Assigned task: Write out, please, each line from the one containing "Echamos los quesitos" to the final line of the data, both included, exactly and without pictures.

[Extracted records]
=== Begin Enclosure ===

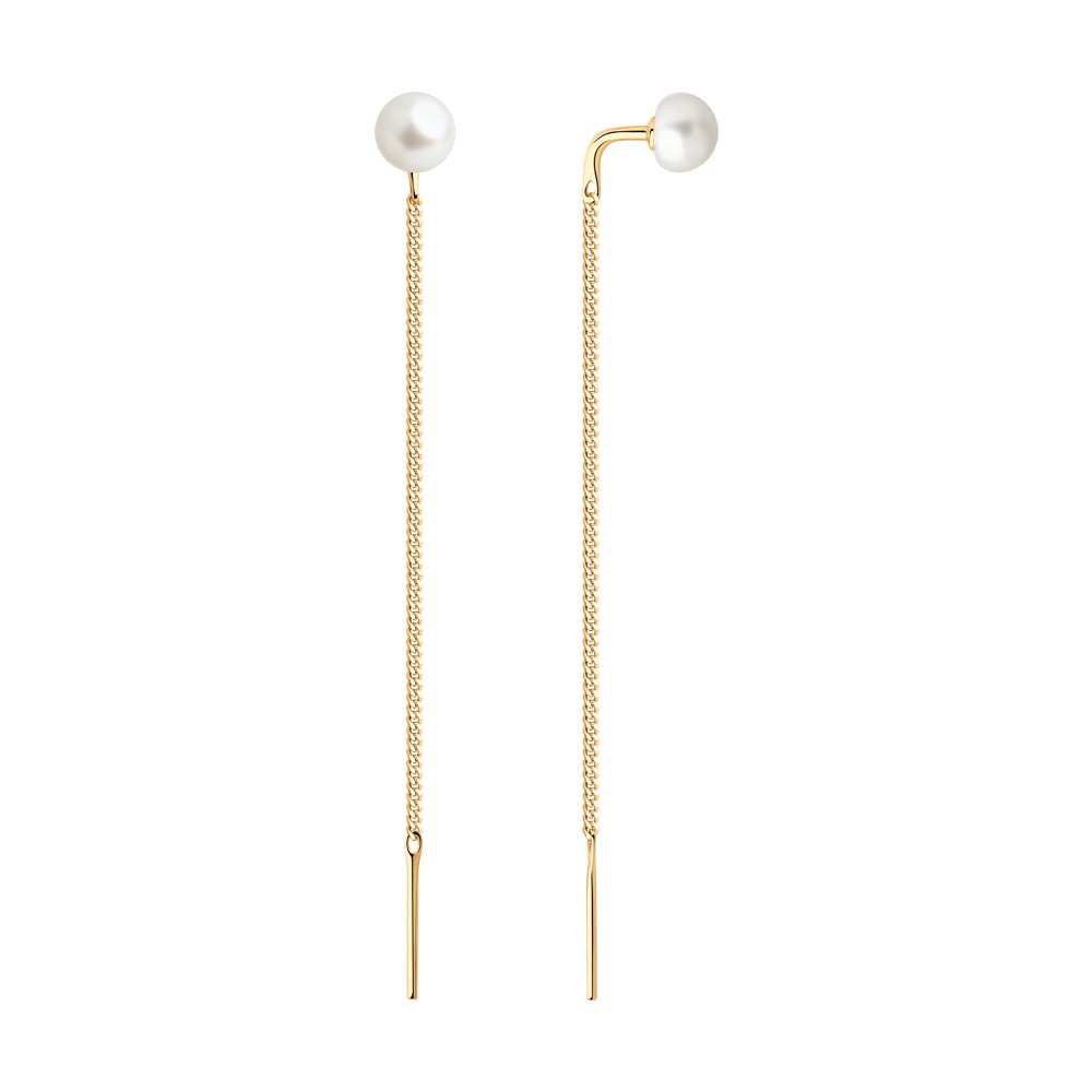 Привлекательные серьги из красного золота с пресноводным жемчугом. Аккуратные нежные серьги-цепочки с красивым жемчугом белого цвета добавят женственному образу легкости и очарования. Серьги станут любимым украшением, и гармонично дополнят повседневный образ. Приобретайте золотое украшение по выгодной цене в магазинах Мир Золота.
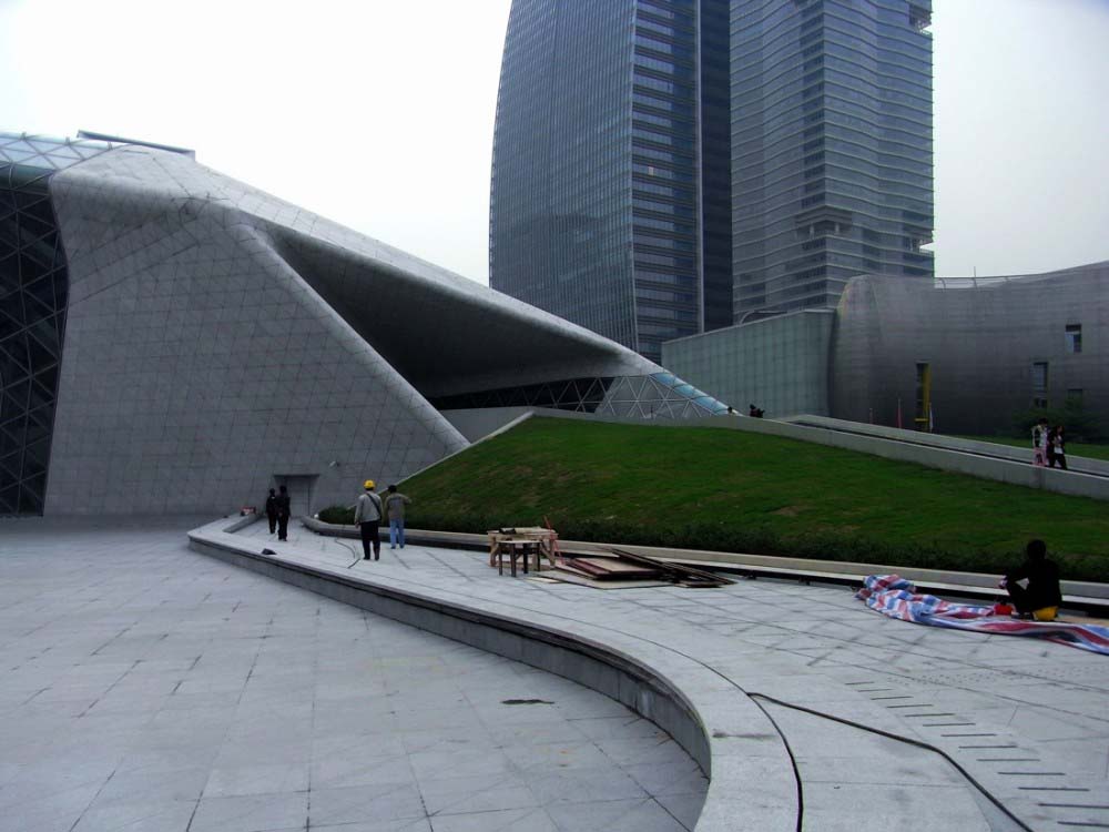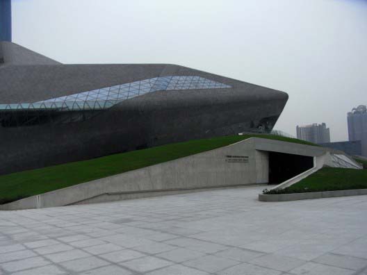 در چشم انداز رودخانه پیرل Pearl ، و در قلب بافت پیشرفته و فرهنگی شهر گوانگژو چین، خانه اپرایOpera House گوانگژو خود نمایی میکند. اقتباس زاحا حدید از تکنولوؤی و هنر به صورت توأمان در طراحی و ساختار ، این بنا را به یک اثر تاریخی و دیرپا در هزاره جدید تبدیل خواهد کرد و بر شهر گوانگچو به عنوان یکی از مراکز فرهنگی آسیا تأکید می کند. طرح که به صورت دو صخره منحصر به فرد است ، با ایجاد دسترسی به کناره رودخانه و محیط اسکله و ارتباطی نو با شهر جدید عملکرد شهری را تسهیل می کند .ساختمان پس از صعود ، به پائین ترین قسمت بلوار ژوجیانگ Zhujiang نزول می کند . در جایی که یک طرف مکانی برای موزه پیشنهادی و طرف دیگر که به فعالیت های شهری اختصاص داده می شود . خانه اپرا به عنوان ضمیمه ای به پارک توریستی های زین شا Haixinsha ، مکانی منحصر به فرد را، در حاشیه طولانی رودخانه به عنوان نقطه تمرکز بازدید کنندگان عرضه می کند. زمانی که به خانه اپرا از پارک ، در مرکز بلوار ژو جیانگ ZHUJIANG نگاه کنید ، مقدمه ی بصری باشکوهی را برای پارک توریستی مشاهده خواهید کرد و زمانی که از رودخانه دیده می شود ، برج ها ی ژو جیانگ در شهر جدید زمینه ای دراماتیک برای خانه اپرا بوجود می آورند و منظره ای متحد از ساختمان های فرهنگی و شهری در بافت حاشیه رودخانه ارائه می کنند . خیابانی داخلی و یک تفرجگاه در میان محوطه که از موزه پیشنهادی شروع می شود به سمت خانه اپرا هدایتگر است . کافه ، بار، رستوران و خرده فروشی ها که شبیه پوسته صدف بر تغییرات سطحی تعبیه شده اند در یک تفرجگاه که محدودیت ارتفاعی دارد ، جا گرفته اند. وسایل نقلیه خدماتی در دو انتهای مسیر هواجیو Huajiu، خانه اپرا و ساختمان های تئاتر را قابل دسترسی می کنند . دسترسی VIPبه خانه اپرا از محدوده غربی مسیرِ هواسیا huaxia ایجاد شده است. این مکان 70000متر مربعی شامل 1800صندلی در سالن تیاتر اصلی،لابی ورودی وسالن استرحت،تالار چند منظوره ودیگر امکانات لازم میباشد.
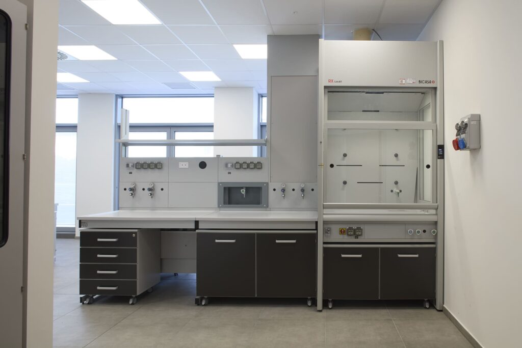 Il diversi laboratori, in base alle specifiche esigenze, sono stati attrezzati con postazioni mobili serie Kompatto, travi pensili Ikaro, cappe chimiche serie RX e cappe a flusso laminare Herasafe.
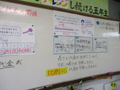 比例というのはどんなものかを学習した子ども達は,今日は比例の性質を使って,理由の説明をがんばりました。
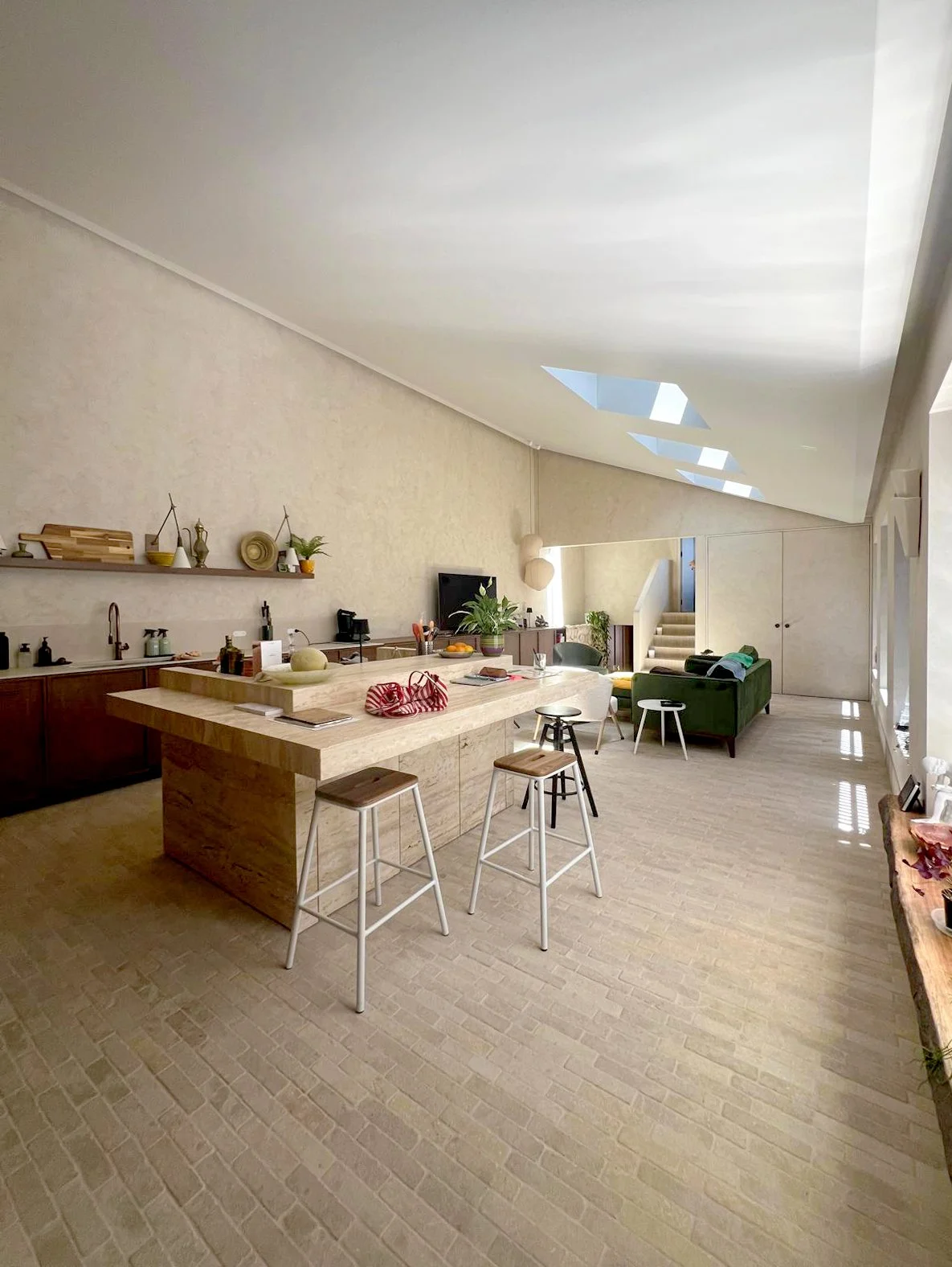 A pivotal architectural gesture was the modification of the living area ceiling, which was raised and reshaped to dramatically increase the perceived volume of the space. This intervention not only enhances the scale and verticality of the interior but also significantly improves airflow and thermal comfort, aligning with the home’s coastal setting.
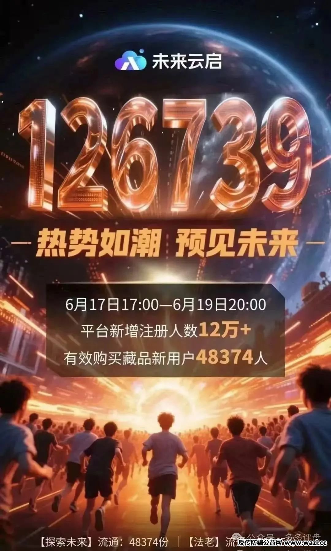 当投资者们为抢到 “限量数字藏品” 欢呼时,他们不会想到,这场精心设计的财富游戏,不过是用虚拟代码编织的收割陷阱。近年来,以 “未来云启” 为代表的资金盘打着数字藏品、链游旗号粉墨登场,与曾引发争议的 “未来起元” 出自同一操盘团队,借监管盲区与新兴概念认知差,悄然张开财富吞噬之网。
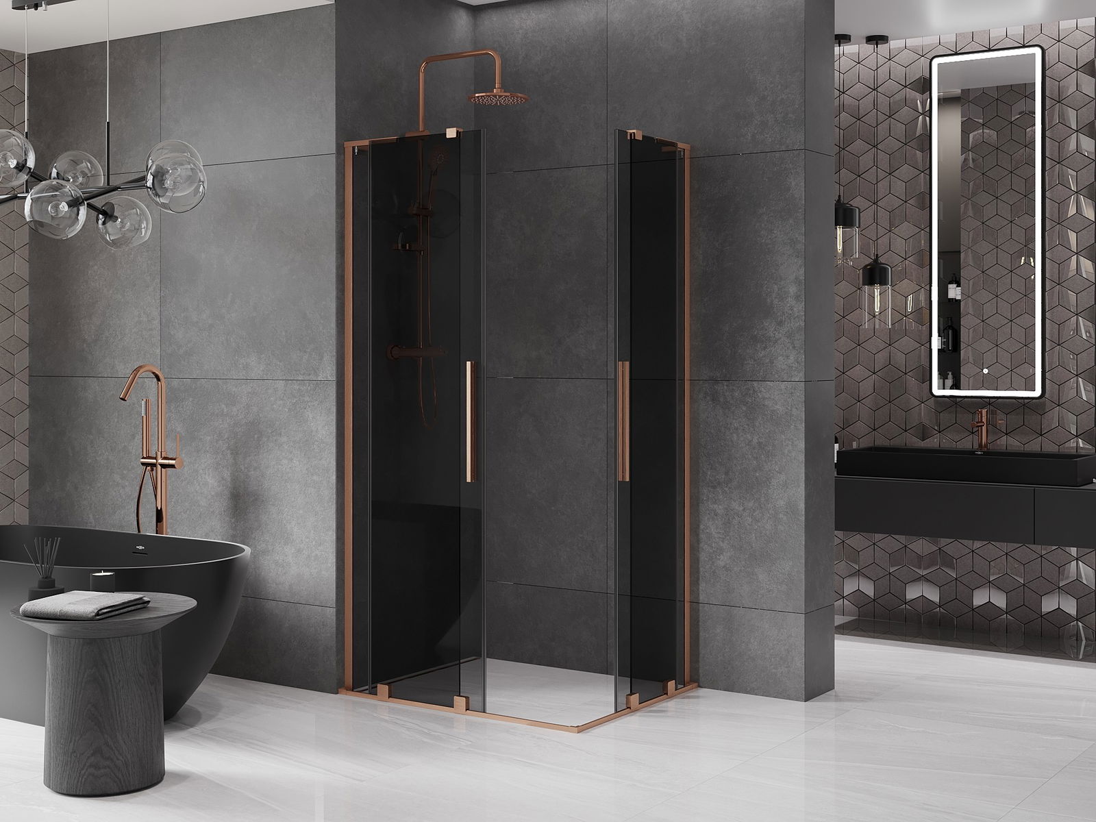 Mexen Velar L Duo kabina prysznicowa rozsuwana 100 x 90 cm, grafit, miedź szczotkowana - 871-100-090-02-43-65
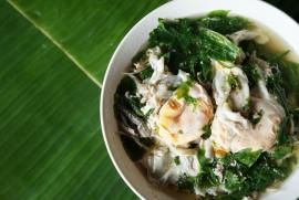 ผักหวาน เป็นผักท้องถิ่นที่สามารถหาได้ตามป่า บางบ้านอาจมีการปลูกผักชนิดนี้ ถือเป็นวัตถุดิบที่หาง่าย ขั้นตอนเริ่มจากการต้มน้ำให้เดือด ใส่เครื่องปรุงต่างๆ เช่น น้ำปลา น้ำตาล ซอสขาว ตามด้วยผักหวานและไข่ทั้งฟอง ค่อยๆ คนให้ผักและไข่สุกพร้อมกัน รับประทานพร้อมข้าวสวยร้อนๆ
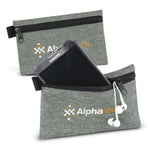 Crafted from durable 300D polyester, it features a stylish two-tone heather finish. The black zippered closure keeps your items secure, while the woven loop allows easy attachment or hanging.
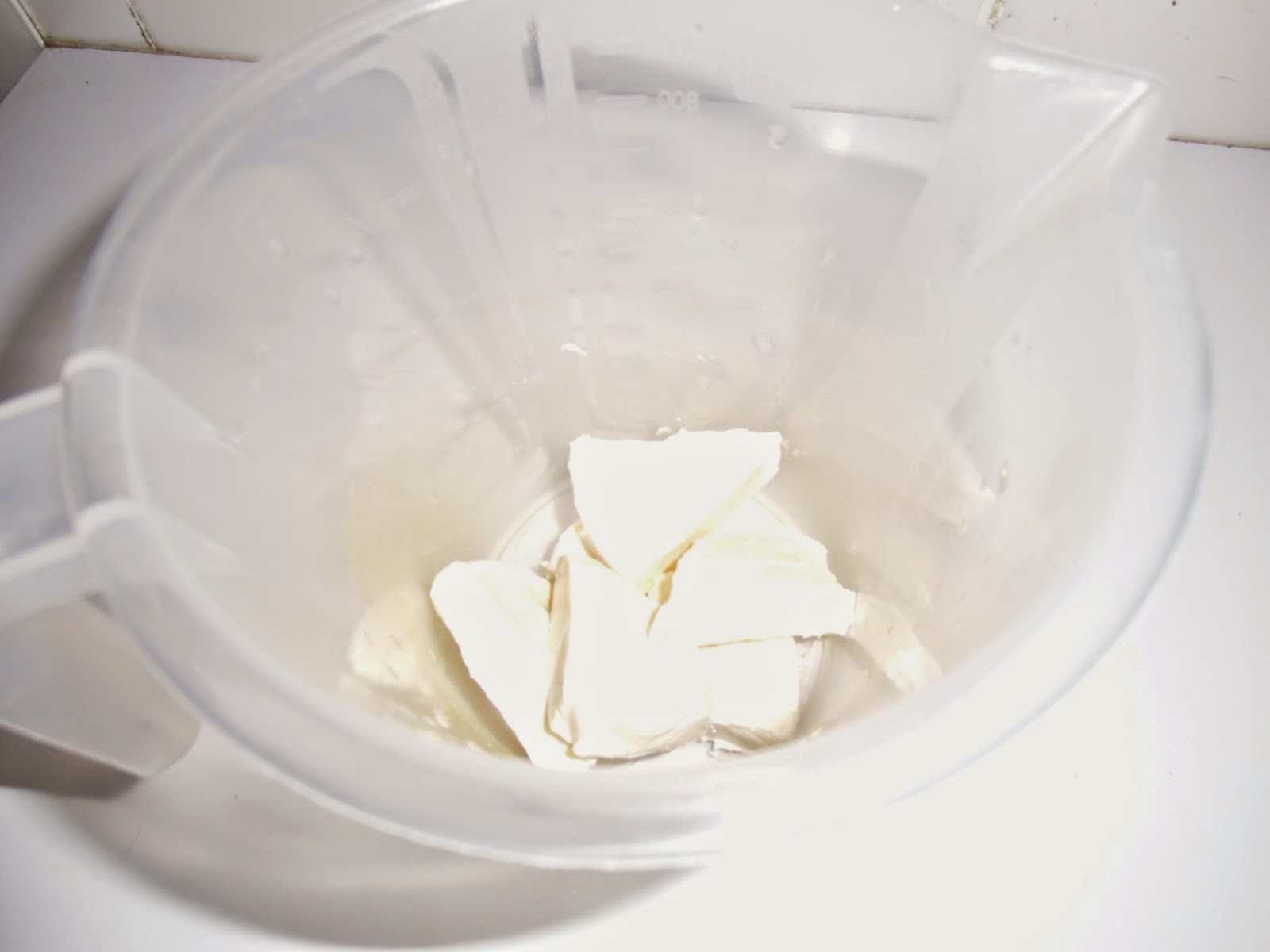 Echamos los quesitos en un vaso para batidora.
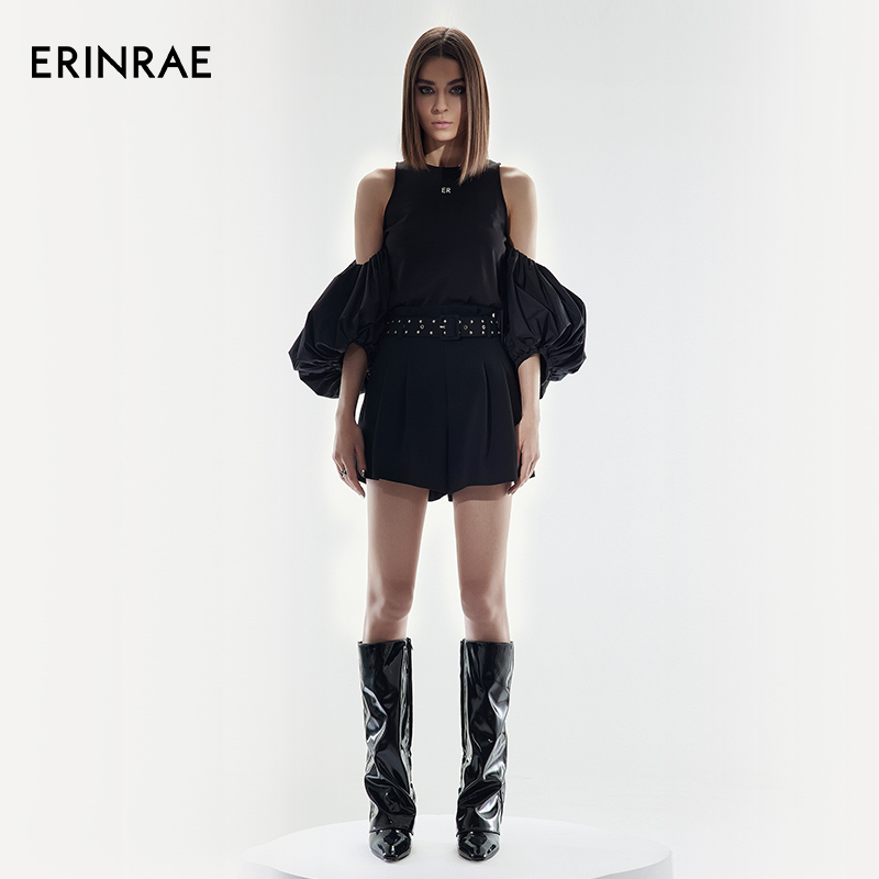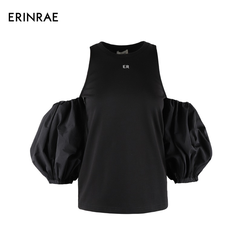 ERINRAE 女上衣EF211162CO20 黑色100%纯棉圆领漏肩气质灯笼袖
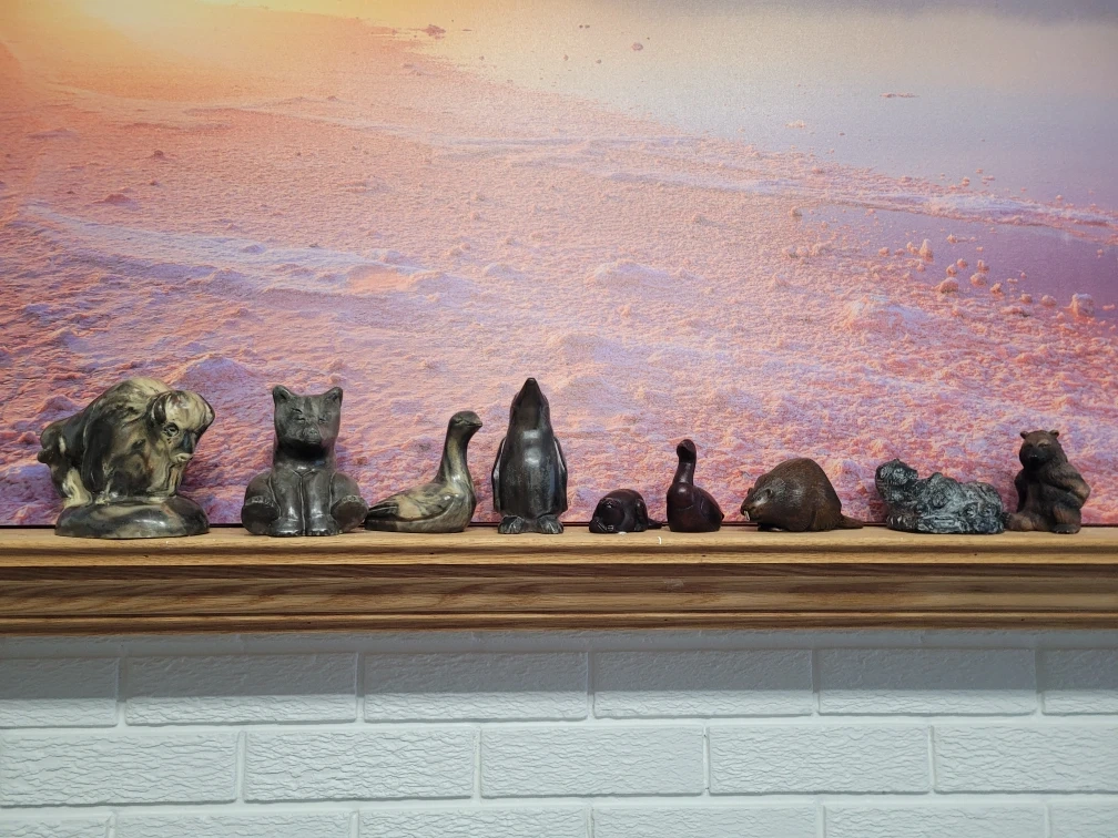 Here are some animal carvings. They look like they are made of stone or wood. There are multiple types of animals, including bears, beavers, turtles, and etc.

=== End Enclosure ===

Finished task:
 Echamos los quesitos en un vaso para batidora.
 ERINRAE 女上衣EF211162CO20 黑色100%纯棉圆领漏肩气质灯笼袖
 Here are some animal carvings. They look like they are made of stone or wood. There are multiple types of animals, including bears, beavers, turtles, and etc.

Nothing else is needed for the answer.